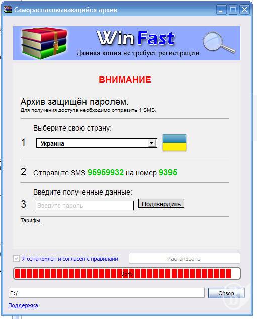 Третье: в окне программы изображена липовая инструкция, которая не содержит ключевого действия, – «Отстегивание бабла» через послание SMS.
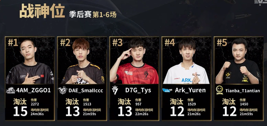 本局进入到决赛圈的是DAE、D7G两支满编队,4AM和RNG各三人。RNG和4AM两队在圈边率先交战,4AM成功打掉RNG两人。另一侧DAE被D7G打靶淘汰两人,随后4AM加入战场,协同D7G将DAE率先淘汰出局。蓝圈缩小,RNG独狼击倒4AM之后被反打淘汰,抓住时机的D7G迅速出动,收下4AM剩下的两人。D7G成功吃鸡。
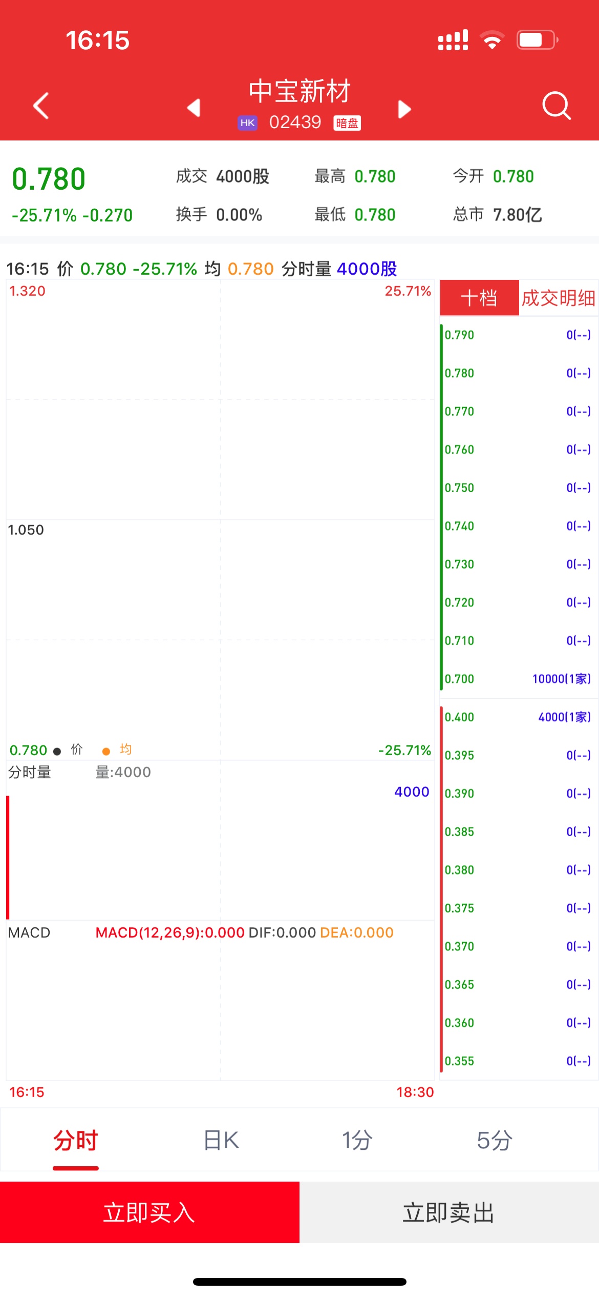 智通财经APP获悉,中宝新材(02439)将于3月31日(周五)在香港挂牌。截至发稿,利弗莫尔证券暗盘交易显示报价0.78港元,较招股价1.05港元跌25.71%。每手2000股,不计手续费,每手亏540港元。
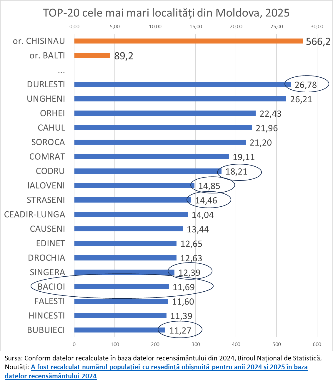 Această evoluție nu este întâmplătoare. Ea reflectă un fenomen economic clar: concentrare urbană accelerată în jurul Chișinăului. Din top 20 cele mai mari localități din Moldova, 8 fac parte din aglomerația urbană a capitalei. Creștere demografică semnificativă se înregistrează aproape exclusiv în această zonă.
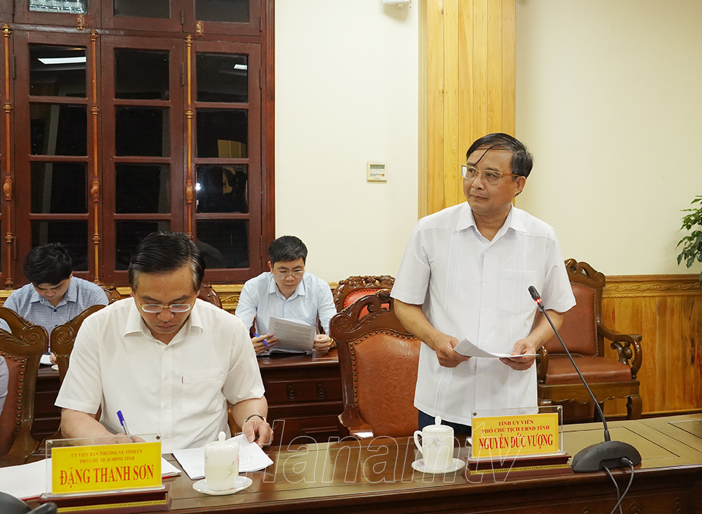 Đồng chí Nguyễn Đức Vượng, Tỉnh ủy viên, Phó Chủ tịch UBND tỉnh báo cáo tại hội nghị.
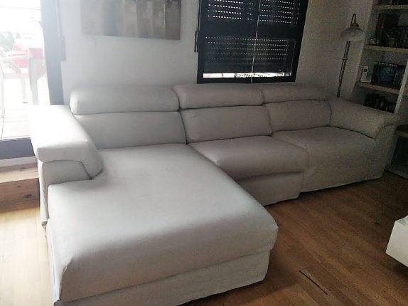 Sofá chaiselongue. Funda a medida. Sofá con cabezales abatibles Chaiselongue. El mueble está compuesto de dos partes, una de ellas se asemeja a un sofá de dos plazas y la otra corresponde a la parte larga en la que se puede descansar más cómodamente. Esa parte larga que comentamos puede estar a la izquierda (brazo […]
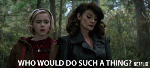 Kiernan Shipka as Sabrina Spellman and another woman walk through woods, asking 'WHO WOULD DO SUCH A THING?'.
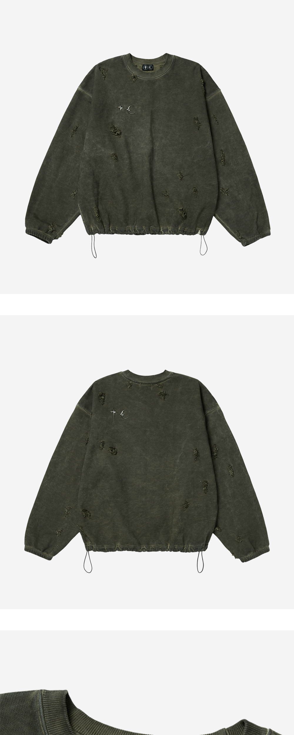 물 빠진 듯한 색감과 데미지 디테일이 빈티지한 느낌을 주는 떠그 클럽의 스웨트셔츠입니다. - 전면 및 후면에 적용된 TC 엠블럼 - 조직감이 큰 헤비 코튼 소재 - 밑단 스트링으로 실루엣 조절 가능 - 데미지 워싱 디테일 - 오버사이즈 핏 * 리벳, 엠블럼이 떨어질 위험이 있어서 건조기 사용 불가하며 손세탁을 권장합니다. * M, L, XL 사이즈는 2, 3, 4 사이즈와 동일합니다.
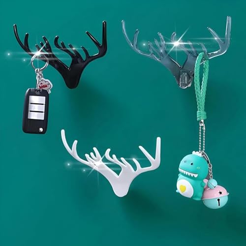 Generic - خطاف حائط برأسين على شكل قرون لتعليق المعاطف، حامل معاطف لاصق شفاف للحيوانات، حامل مناشف ورقية أكريليك قوي، مثالي لتزيين المنزل وتنظيم المساحة بشكل فعال - 3 قطع
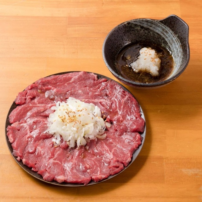 当店の【特上カルビ】は厳選した黒毛和牛を塊から手切りで一枚ずつカットし、一番おいしい状態でご提供いたします。
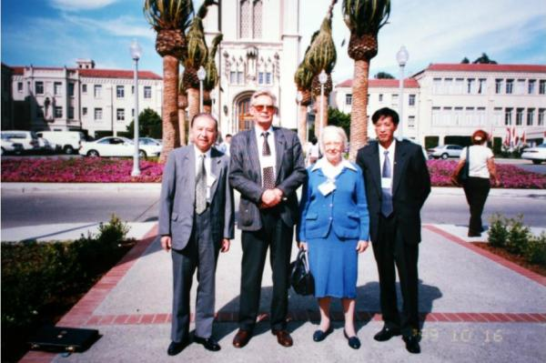 照片摄于1999年10月16日,作者与章先生参加旧金山大学举办的国际会议,左起为章开沅、许理和(Erik Zürcher)、鲁珍晞、刘家峰
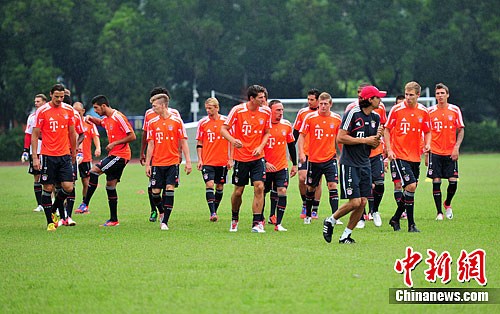 7月26日中午,拜仁慕尼黑足球队在广州天河体育场进行赛前训练,备战当晚举行的奥迪俱乐部杯足球赛。中新社发 柯小军 摄

§ Try it: Above are the entries; write them out again exactly, omitting the pictures.

§ Solved problem:
 Третье: в окне программы изображена липовая инструкция, которая не содержит ключевого действия, – «Отстегивание бабла» через послание SMS.
 本局进入到决赛圈的是DAE、D7G两支满编队,4AM和RNG各三人。RNG和4AM两队在圈边率先交战,4AM成功打掉RNG两人。另一侧DAE被D7G打靶淘汰两人,随后4AM加入战场,协同D7G将DAE率先淘汰出局。蓝圈缩小,RNG独狼击倒4AM之后被反打淘汰,抓住时机的D7G迅速出动,收下4AM剩下的两人。D7G成功吃鸡。
 智通财经APP获悉,中宝新材(02439)将于3月31日(周五)在香港挂牌。截至发稿,利弗莫尔证券暗盘交易显示报价0.78港元,较招股价1.05港元跌25.71%。每手2000股,不计手续费,每手亏540港元。
 Această evoluție nu este întâmplătoare. Ea reflectă un fenomen economic clar: concentrare urbană accelerată în jurul Chișinăului. Din top 20 cele mai mari localități din Moldova, 8 fac parte din aglomerația urbană a capitalei. Creștere demografică semnificativă se înregistrează aproape exclusiv în această zonă.
 Đồng chí Nguyễn Đức Vượng, Tỉnh ủy viên, Phó Chủ tịch UBND tỉnh báo cáo tại hội nghị.
 Sofá chaiselongue. Funda a medida. Sofá con cabezales abatibles Chaiselongue. El mueble está compuesto de dos partes, una de ellas se asemeja a un sofá de dos plazas y la otra corresponde a la parte larga en la que se puede descansar más cómodamente. Esa parte larga que comentamos puede estar a la izquierda (brazo […]
 Kiernan Shipka as Sabrina Spellman and another woman walk through woods, asking 'WHO WOULD DO SUCH A THING?'.
 물 빠진 듯한 색감과 데미지 디테일이 빈티지한 느낌을 주는 떠그 클럽의 스웨트셔츠입니다. - 전면 및 후면에 적용된 TC 엠블럼 - 조직감이 큰 헤비 코튼 소재 - 밑단 스트링으로 실루엣 조절 가능 - 데미지 워싱 디테일 - 오버사이즈 핏 * 리벳, 엠블럼이 떨어질 위험이 있어서 건조기 사용 불가하며 손세탁을 권장합니다. * M, L, XL 사이즈는 2, 3, 4 사이즈와 동일합니다.
 Generic - خطاف حائط برأسين على شكل قرون لتعليق المعاطف، حامل معاطف لاصق شفاف للحيوانات، حامل مناشف ورقية أكريليك قوي، مثالي لتزيين المنزل وتنظيم المساحة بشكل فعال - 3 قطع
 当店の【特上カルビ】は厳選した黒毛和牛を塊から手切りで一枚ずつカットし、一番おいしい状態でご提供いたします。
 照片摄于1999年10月16日,作者与章先生参加旧金山大学举办的国际会议,左起为章开沅、许理和(Erik Zürcher)、鲁珍晞、刘家峰
 7月26日中午,拜仁慕尼黑足球队在广州天河体育场进行赛前训练,备战当晚举行的奥迪俱乐部杯足球赛。中新社发 柯小军 摄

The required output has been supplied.